SUPPLIED MATERIAL:
=== Section Start ===

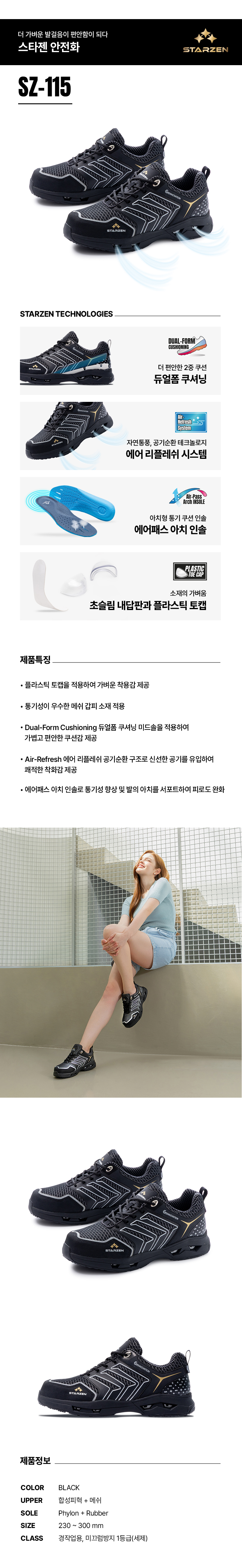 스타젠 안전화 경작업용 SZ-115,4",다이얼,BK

=== Section End ===
=== Section Start ===

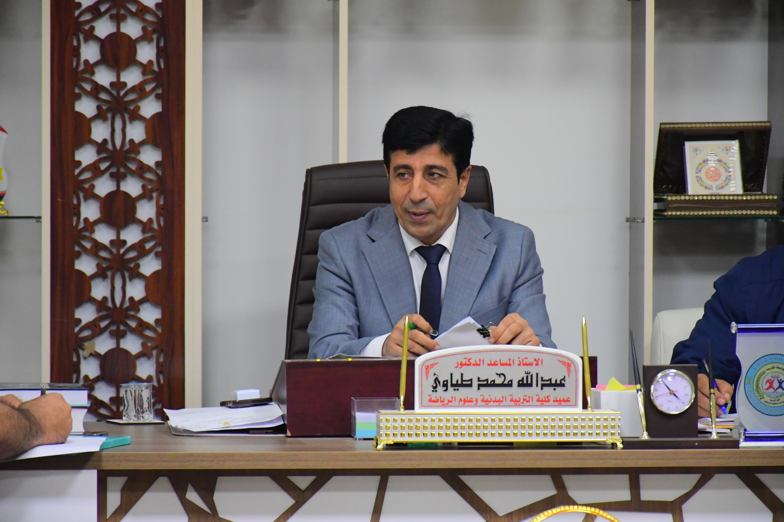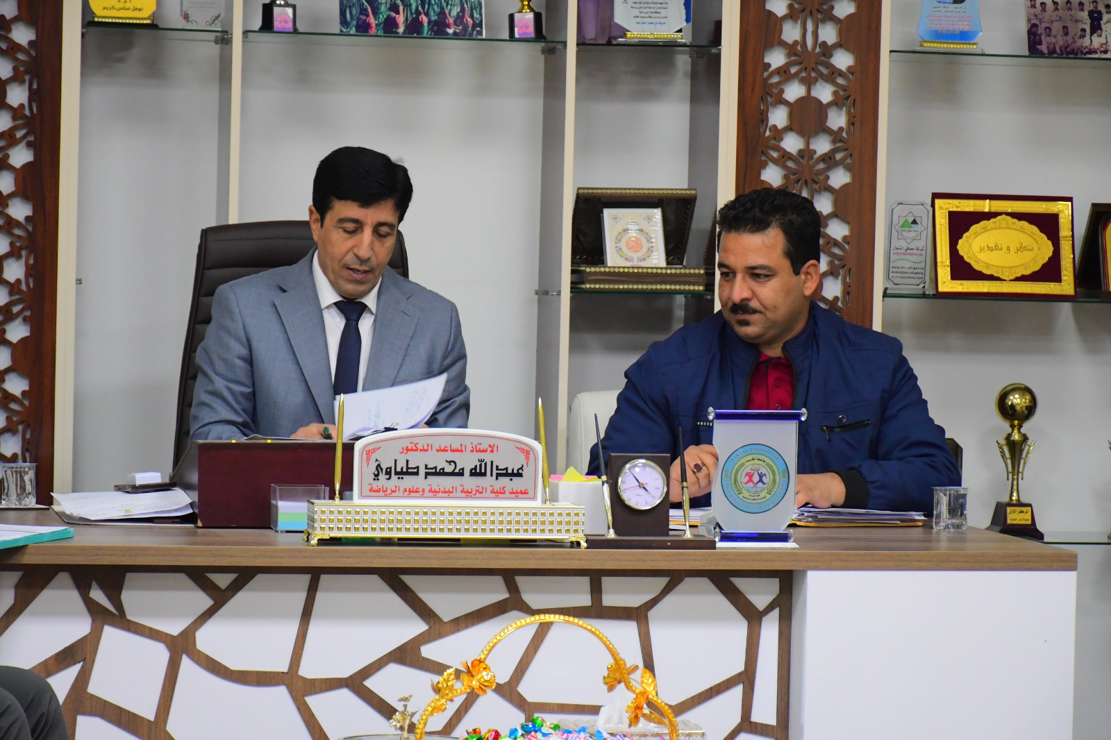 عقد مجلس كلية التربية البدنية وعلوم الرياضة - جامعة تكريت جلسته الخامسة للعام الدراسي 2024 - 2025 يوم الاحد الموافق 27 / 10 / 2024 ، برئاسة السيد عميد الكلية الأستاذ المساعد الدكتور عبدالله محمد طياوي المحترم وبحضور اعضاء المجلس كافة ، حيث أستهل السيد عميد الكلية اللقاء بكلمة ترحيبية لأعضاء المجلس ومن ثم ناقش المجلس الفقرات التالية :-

=== Section End ===
=== Section Start ===

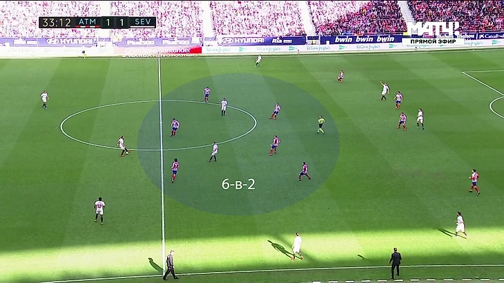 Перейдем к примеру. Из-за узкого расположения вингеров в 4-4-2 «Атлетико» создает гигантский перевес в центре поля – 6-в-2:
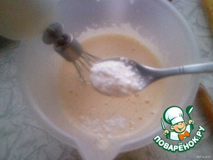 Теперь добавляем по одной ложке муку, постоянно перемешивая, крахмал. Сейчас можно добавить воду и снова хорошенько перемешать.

=== Section End ===

YOUR TASK: Write out exactly the lines above between the one with "Перейдем к примеру." and the one with "Теперь добавляем по", inclusive, with pictures left out.

RESPONSE BELOW:
 Перейдем к примеру. Из-за узкого расположения вингеров в 4-4-2 «Атлетико» создает гигантский перевес в центре поля – 6-в-2:
 Теперь добавляем по одной ложке муку, постоянно перемешивая, крахмал. Сейчас можно добавить воду и снова хорошенько перемешать.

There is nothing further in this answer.